DoctorPepper writes "A ham radio operator in New London, North Carolina correctly copied an 80 meter CW beacon in Wappingers Falls, New York, a distance of 546.8 miles. The kicker is, the beacon station, an Elecraft K1, was putting out 40.6 uW (40.6 millionths of a Watt) -- which works out to 13,467,980 miles per watt!"

23 of 403 comments (clear)

  1. Even when it's horribly outmoded... by fussili · · Score: 5, Interesting

    Ham Radio continues to excite. I think there's something romantic about it that draws geeks towards its coils - how else do you explain the way it has enthralled so many in its history? The venerable Woz is one. Can anyone else recall any Ham Radio enthusiasts who went onto bigger things in Tech?

    1. Re:Even when it's horribly outmoded... by Anonymous Coward · · Score: 2, Interesting

      Ask the people in Thailand how 'outmoded' ham radio is.

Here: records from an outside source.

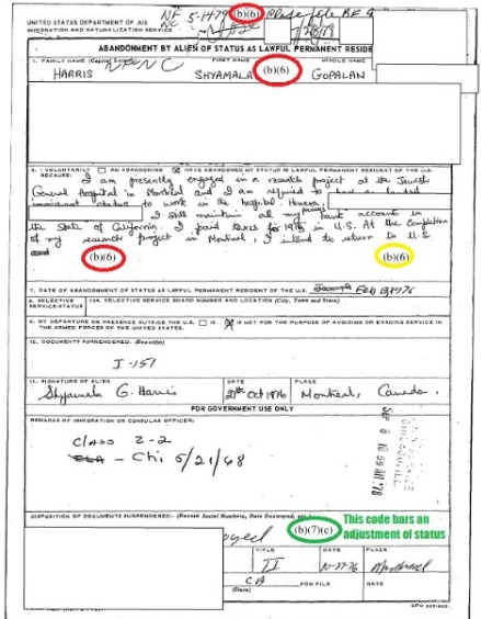Bây giờ, điều tiếp theo này không ảnh hưởng gì cả, tôi nghĩ vậy. Nhưng mẹ của Kamala đã có lệnh trục xuất hết hạn 5 ngày trước khi Kamala chào đời! Ngoài ra, khi mẹ của Kamala Harris khai rằng mình là người da trắng trên giấy khai sinh của cô con gái người Ấn Độ, Trên giấy khai trục xuất người nước ngoài của INS, bà đã che giấu quốc tịch của bà là công dân Ấn Độ, vi phạm Đạo luật Walter-McCarran năm 1952 kiểm soát việc nhập cư của người nước ngoài khi bà đến vào năm 1958.
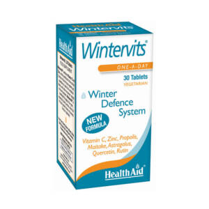 Το Wintevits της HealthAid είναι σύνθεση που συνδυάζει την Βιταμίνη C με Ψευδάργυρο, Μαϊτάκε, είδος μανιταριού με ιδιαίτερα τονωτικές ιδιότητες, Αστράγαλο και Πρόπολη.
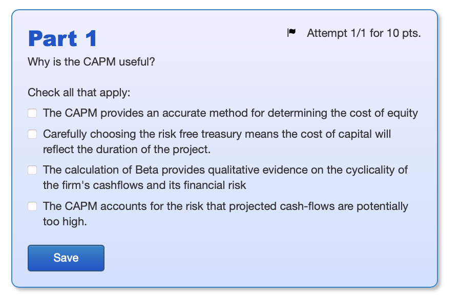 Solved | Attempt 1/1 for 10 pts. Part 1 Why is the CAPM | Chegg.com

    2. Re:Even when it's horribly outmoded... by deglr6328 · · Score: 5, Interesting

      This wattage/mile efficiency thing is always a neat trick. I doubt however, that anyone can beat what must be a record of some sort: the detection of the 10 watt (mostly) non-directional radio transmitter atop the Huygens probe while falling into the atmosphere of Titan by the Very Long Baseline Array when nearly 1 billion miles away. A feat expected to be achieved next week. The power collected by one of the 70 meter dishes on earth will be comparable to what was detected from the feeble low gain antenna on the Galileo Jupiter probe. This power is in the ZEPTOWATT range. (zeptowatt)

      In addition to this, the VLBA will be used in interferometer mode (VLBI) in order to pinpoint the landing site of the probe on Titan to within 1Km!! This is equal to an angular resolution of approximately 170 microarcseconds. Thousands of times better than Hubble.

      --
      - "Hear that?! The percolations are imminent! Cease your ingress!"
    3. Re:Even when it's horribly outmoded... by zapadoo · · Score: 2, Interesting

      There are quite a few hams out there in tech land, not all doing "big" work, although probably more than a few pulling down big paychecks.

      Among many radios built or collected over the years (I've been a radio amateur since the early 80's) I have the Elecraft K1's bigger brother http://elecraft.com/ (which is still very small) the K2.

      These are not your father's HeathKit! Fabulous design, terrific functionality, and they are truly excellent radios, comparable with commercial gear from overseas easily, better in many cases.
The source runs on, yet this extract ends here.